At initialization, the best individual fitness was 1.56; the algorithm reduced this value rapidly during early evolution, reaching the run minimum of 0.5386 at generation 89 and finishing with a best-of-run value of 0.58 at the final generation (i.e., the final best is slightly above the observed run minimum). The population mean fitness fell from 7.62 at initialization to ≈0.87 at termination, indicating consistent improvement across the population as a whole. Most of the aggregate fitness reduction occurred in the early-to-mid phase of the run (roughly generations 10–40), corresponding to broad global exploration; later generations produced smaller, incremental gains consistent with local exploitation and fine-tuning. Calculating relative improvement from the initial best to the run minimum gives (1.56 − 0.5386)/1.56 ≈ 66%. Performance on the simulated test data indicates that the NN–GA framework locates stable, high-quality solutions: the training-set RMSE was 0.73 and the independent test-set RMSE was 0.85, demonstrating reasonable generalisation while leaving scope for further improvements (e.g., cross-validation or local fine-tuning). Overall, the GA-based global search efficiently identified promising regions of the parameter space and produced reproducible network solutions suitable for application to Sentinel-2B imagery.

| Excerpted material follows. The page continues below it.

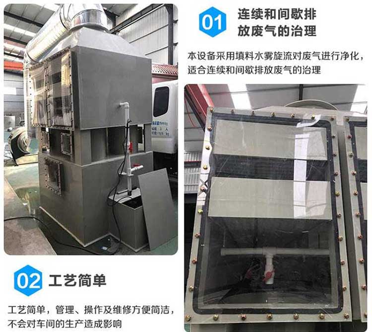需要处理的含尘废气由风管引入净化塔,经过旋流塔洗涤桶时,风带加快,带动填料球飞快运转。在洗涤桶里,含尘废气与水雾充分混合洗涤,中和反应(水里补充有酸碱时)废气经过净化后,再清除雾层脱水除雾后由风机排入大气或再进入其他净化设备(光氧催化、低温等离子等)。吸收液在塔底轻水泵增压后在箱顶喷淋雾化而下,***后回流直箱底循环使用,净化的废气达到国家排放标准

3.2.2. Accuracy Assessment of LAI Retrieval

To assess the practical performance and transferability of the trained NN–GA mapping, we applied the model to near-synchronous Sentinel-2B scenes and validated the pixelwise retrievals against LI-COR LAI-2200 field measurements. The spatial distributions of predictions and validation samples for Minqin (modelling/testing area) and Zhangye (transfer/validation area) are shown in Figure 9.

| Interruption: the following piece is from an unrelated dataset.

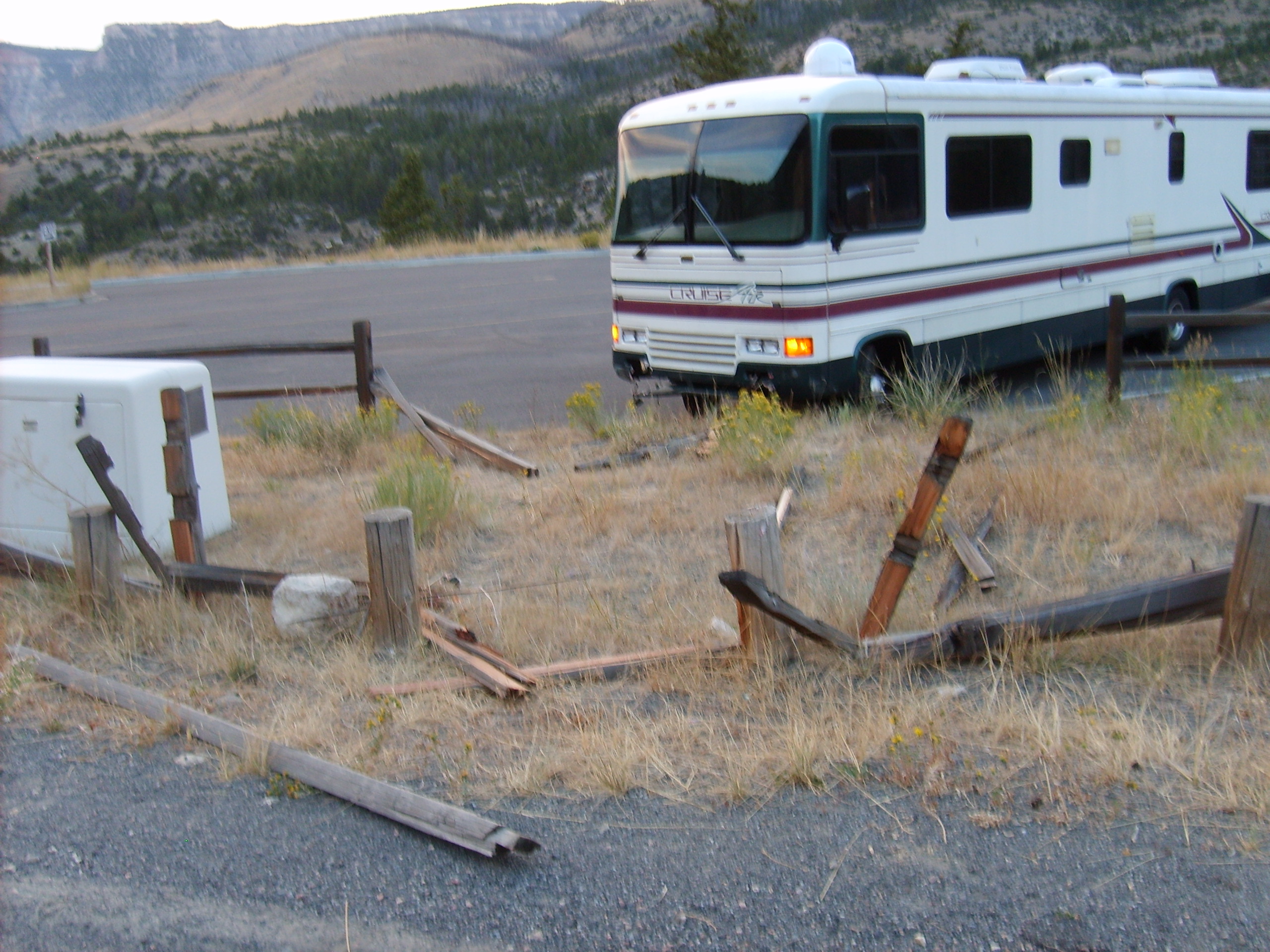 The scene of my RV accident on US-14 above Greybull, Wyoming in the Big Horn National Forest. This shows the damage after my RV was pulled off of the embankment.

Figure 9. Spatial distributions of predicted LAI and ground-sample locations. (a) True-colour composite of the Minqin site; red triangles denote LAI-2200 measurement locations. (b) True-colour composite of the Zhangye site; yellow triangles denote LAI-2200 measurement locations. (c) LAI retrieval map for Minqin. (d) LAI retrieval map for Zhangye.

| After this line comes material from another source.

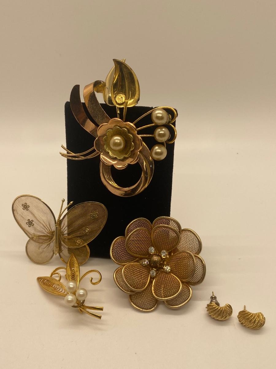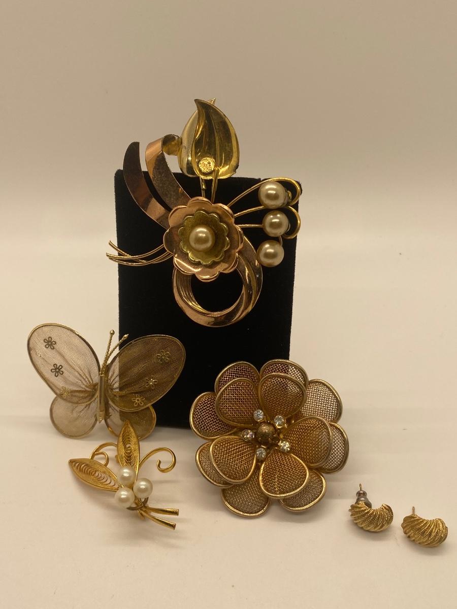 LOT 17: Fun Vintage Goldtone Brooches and a pair of pierced earrings

Pointwise comparison (Figure 10 and Figure 11) returns the following validation statistics: Minqin (101 measured points)—RMSE = 0.44, R2 = 0.73; Zhangye (112 measured points)—RMSE = 0.40, R2 = 0.56. The Minqin results show tighter scatter about the 1:1 line and higher explained variance, whereas the Zhangye results exhibit greater dispersion and unexplained variability despite a comparable RMSE.
Figure 10. Observed versus predicted LAI (LAI-2200 vs. NN–GA). (a) Minqin (101 measured points). (b) Zhangye (112 measured points). Dashed line: 1:1 reference; solid line: least-squares regression.
Figure 11. Observed versus predicted LAI (LAI-2200 vs. NN–GA) shown as point-by-point bar charts. (a) Minqin (101 measured points). (b) Zhangye (112 measured points). Orange and blue bars indicate measured and predicted values, respectively.
Residual diagnostics for Zhangye (Figure 12) indicate a small overall bias (0.015) and a weak pattern of overestimation at low LAI and underestimation at high LAI, with near-zero bias in the midrange (≈2.75–4.25).
Figure 12. Residual analysis for Zhangye (Site 2; 112 measured points). (a) Residuals vs. measured LAI with a LOESS smoothed trend line; (b) Bland–Altman plot showing the mean bias (0.015, solid line) and 95% limits of agreement (dashed lines); (c) Binned error statistics grouped by measured LAI. Orange and blue bars denote RMSE and MAE, respectively; error bars represent the standard error.
Bland–Altman analysis produces 95% limits of agreement of approximately [−0.77, 0.80], implying that individual prediction errors can reach on the order of ±0.8 LAI units. Binned error statistics reveal a U-shaped dependence on observed LAI: both RMSE and MAE increase at low (<2.5) and high (>4.5) LAI, with several extreme residuals located in the distribution tails.
In summary, the NN–GA framework provides satisfactory LAI estimates at both sites (Zhangye: RMSE = 0.40, MAE = 0.32, R2 = 0.56), with stronger agreement at the model-development site. The error patterns—poorer performance at very low and very high LAI and the presence of outliers—are plausibly attributable to factors such as crop structural anomalies during the satellite overpass (e.g., exposed ears/inflorescences and altered leaf-angle distributions associated with tasseling) that increase optical heterogeneity [31], and to optical saturation and background-mixing effects that disproportionately affect extreme LAI values [32]. These observations motivate the following section’s systematic uncertainty decomposition of the retrieval chain, which aims to identify dominant error sources and guide targeted improvements.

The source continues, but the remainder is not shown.